Flattet A, Hedinger C
Schweiz Med Wochenschr. 1980 Sep 6;110(36):1300-6.
Histological slides of the adrenals of 54 patients who underwent uni- or bilateral adrenalectomy for Cushing's syndrome at the Zürich University Hospital Department of urology between 1960 and 1977 were reexamined. In 29 patients (53.7%) Cushing's disease was due to diffuse bilateral adrenocortical hyperplasia, in 4 (7.4%) to micronodular cortical hyperplasia and in 3 (5.6%) to macronodular cortical hyperplasia and in 3 (5.6%) to macronodular hyperplasia. Two patients (3.7%) presented with primary bilateral nodular cortical dysplasia (so-called microadenomatosis). In 12 cases of Cushing's syndrome (22.2%) the basic lesion was a cortical adenoma and in 4 cases (7.4%) a cortical carcinoma. The histologic diagnoses corresponded well with biochemical findings, clinical diagnoses and further development of the disease. Histopathologic diagnosis of diffuse and micronodular hyperplasia presents no difficulties. Differential diagnosis of macronodular hyperplasia, cortical dysplasia, adenoma, and carcinoma may, however, be somewhat more problematic.

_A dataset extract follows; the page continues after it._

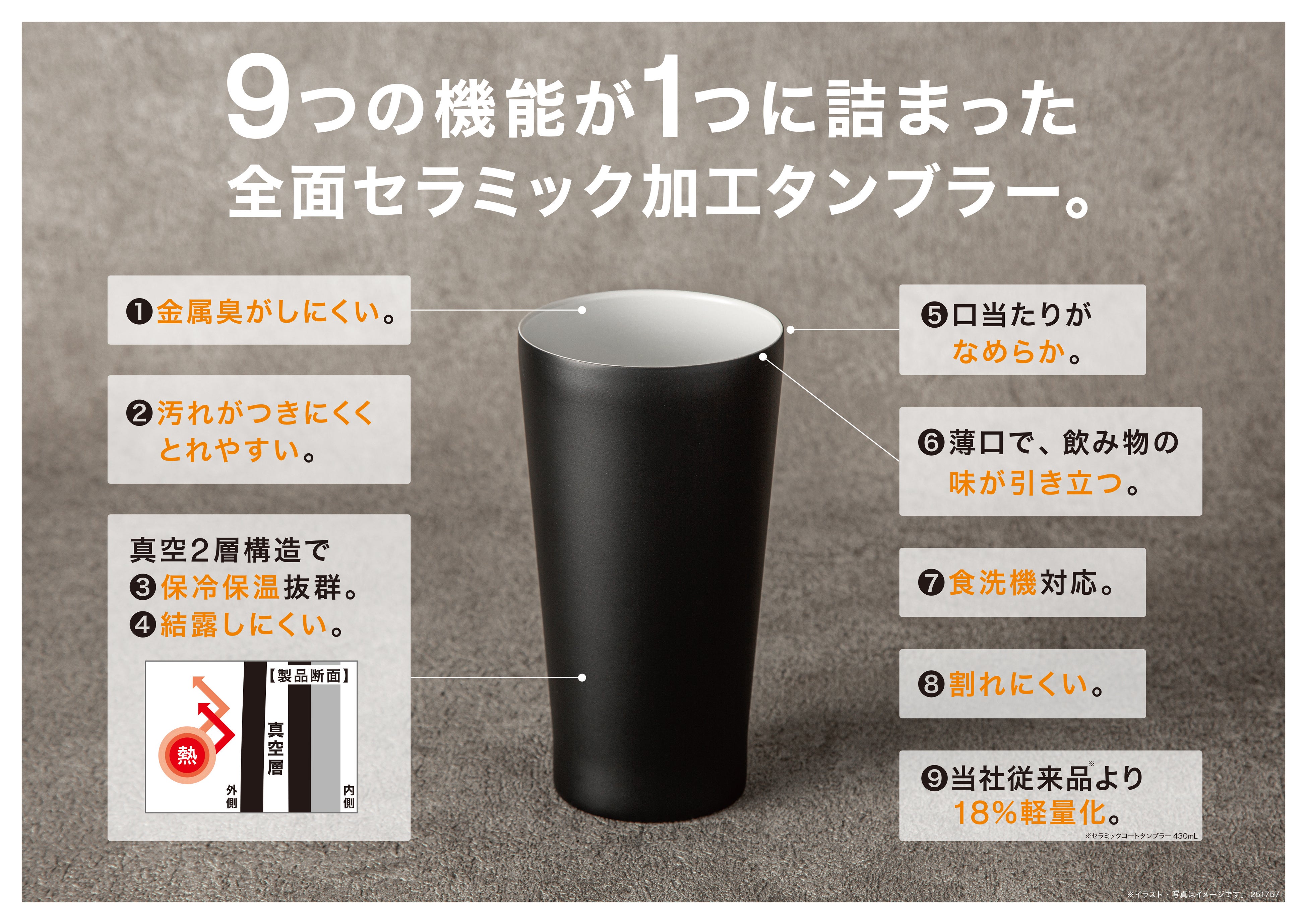 今回販売を開始したセラミックコートタンブラー最大の特徴は「食洗機で洗えること」です。従来の商品は食洗機で洗うと底面の保護シートが剥がれてしまうため、手洗いが必要でした。今回の商品はシートを溶接する加工を施し、食洗機で洗える仕様に改良しています。

对1960年至1977年间在苏黎世大学医院泌尿外科因库欣综合征接受单侧或双侧肾上腺切除术的54例患者的肾上腺组织切片进行了重新检查。29例患者(53.7%)的库欣病是由双侧肾上腺皮质弥漫性增生引起的,4例(7.4%)是由微结节性皮质增生引起的,3例(5.6%)是由大结节性皮质增生引起的,3例(5.6%)是由大结节性增生引起的。2例患者(3.7%)表现为原发性双侧结节性皮质发育异常(所谓的微腺瘤病)。在12例库欣综合征患者(22.2%)中,基本病变是皮质腺瘤,4例(7.4%)是皮质癌。组织学诊断与生化检查结果、临床诊断及疾病的进一步发展情况吻合良好。弥漫性和微结节性增生的组织病理学诊断并不困难。然而,大结节性增生、皮质发育异常、腺瘤和癌的鉴别诊断可能会有些问题。